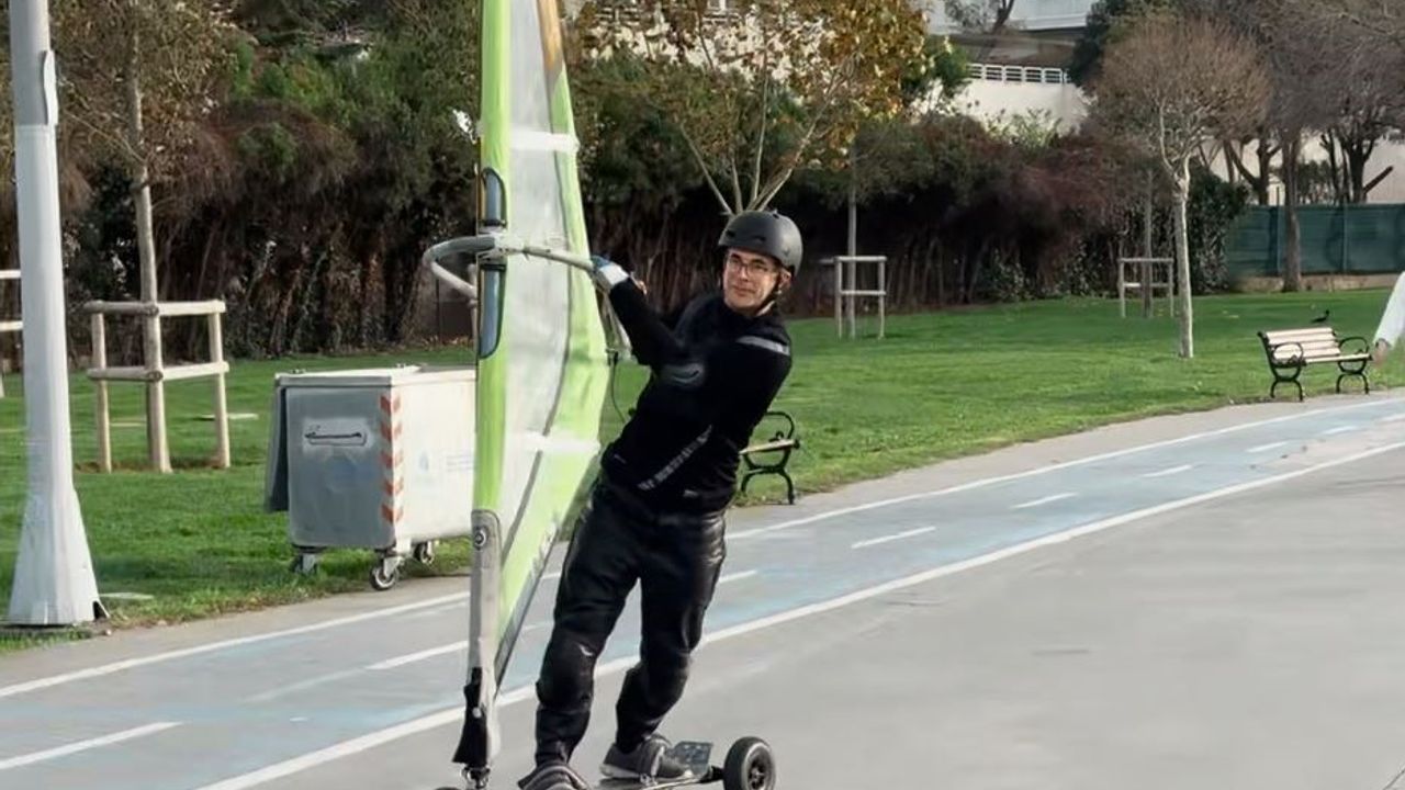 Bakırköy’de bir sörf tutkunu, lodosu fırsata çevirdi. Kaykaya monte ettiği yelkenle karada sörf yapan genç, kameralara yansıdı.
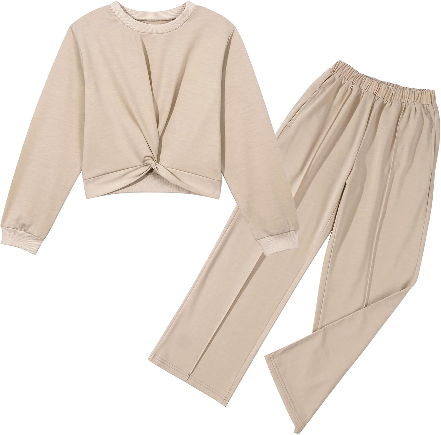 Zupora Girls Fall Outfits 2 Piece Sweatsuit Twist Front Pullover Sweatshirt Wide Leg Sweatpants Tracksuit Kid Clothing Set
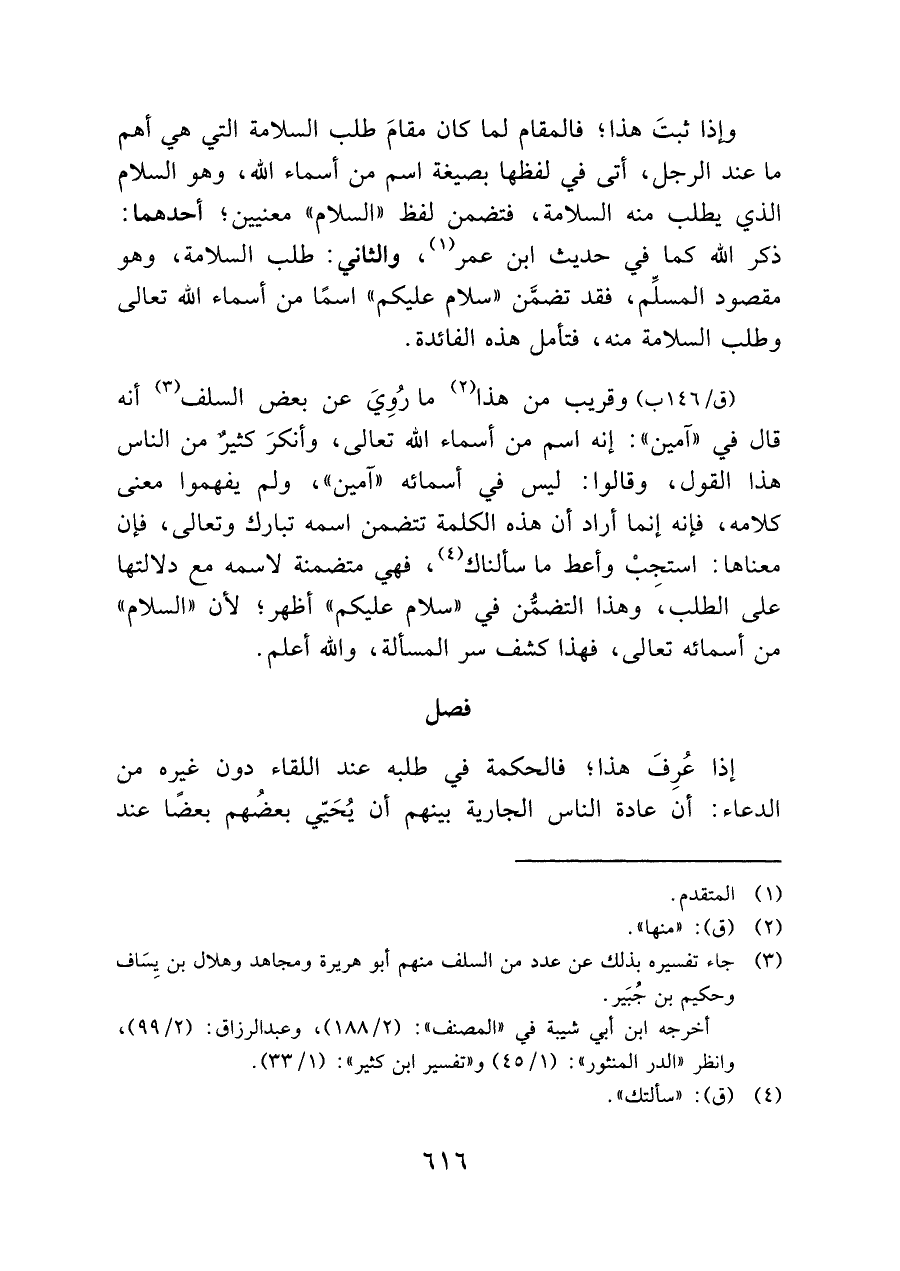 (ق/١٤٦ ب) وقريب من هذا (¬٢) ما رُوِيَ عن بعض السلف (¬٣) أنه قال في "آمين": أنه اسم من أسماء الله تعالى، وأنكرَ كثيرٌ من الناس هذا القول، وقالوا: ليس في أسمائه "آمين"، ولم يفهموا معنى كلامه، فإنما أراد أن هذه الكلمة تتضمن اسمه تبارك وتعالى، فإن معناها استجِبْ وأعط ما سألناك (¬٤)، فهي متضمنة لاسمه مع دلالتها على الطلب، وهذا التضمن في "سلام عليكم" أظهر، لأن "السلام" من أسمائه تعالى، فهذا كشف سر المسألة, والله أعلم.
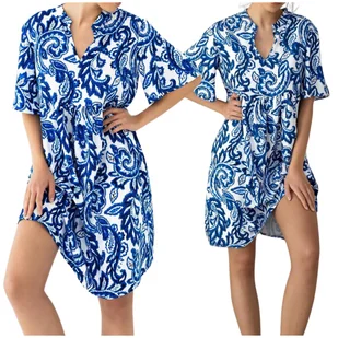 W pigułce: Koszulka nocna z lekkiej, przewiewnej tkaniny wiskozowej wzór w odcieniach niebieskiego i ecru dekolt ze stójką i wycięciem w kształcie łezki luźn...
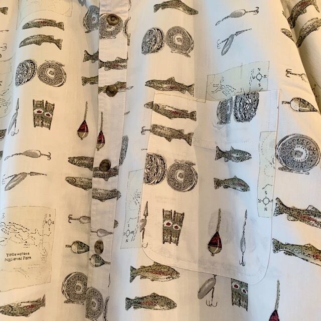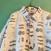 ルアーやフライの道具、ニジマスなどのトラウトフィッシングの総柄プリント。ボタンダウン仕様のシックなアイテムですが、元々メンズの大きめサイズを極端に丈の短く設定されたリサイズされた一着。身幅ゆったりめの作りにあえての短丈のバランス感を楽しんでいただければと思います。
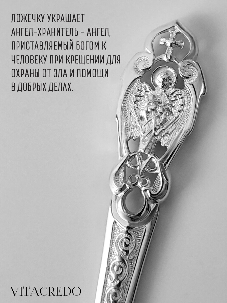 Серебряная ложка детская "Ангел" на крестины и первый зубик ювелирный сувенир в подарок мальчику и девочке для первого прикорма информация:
################
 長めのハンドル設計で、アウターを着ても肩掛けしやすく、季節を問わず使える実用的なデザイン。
################
Only one stretch of the listing above is to be duplicated: the lines from the one containing "W pigułce: Koszulka" through the one containing "Серебряная ложка детская", both included. Copy them exactly, minus the pictures.

> _Answer box_
 W pigułce: Koszulka nocna z lekkiej, przewiewnej tkaniny wiskozowej wzór w odcieniach niebieskiego i ecru dekolt ze stójką i wycięciem w kształcie łezki luźn...
 ルアーやフライの道具、ニジマスなどのトラウトフィッシングの総柄プリント。ボタンダウン仕様のシックなアイテムですが、元々メンズの大きめサイズを極端に丈の短く設定されたリサイズされた一着。身幅ゆったりめの作りにあえての短丈のバランス感を楽しんでいただければと思います。
 Серебряная ложка детская "Ангел" на крестины и первый зубик ювелирный сувенир в подарок мальчику и девочке для первого прикорма информация:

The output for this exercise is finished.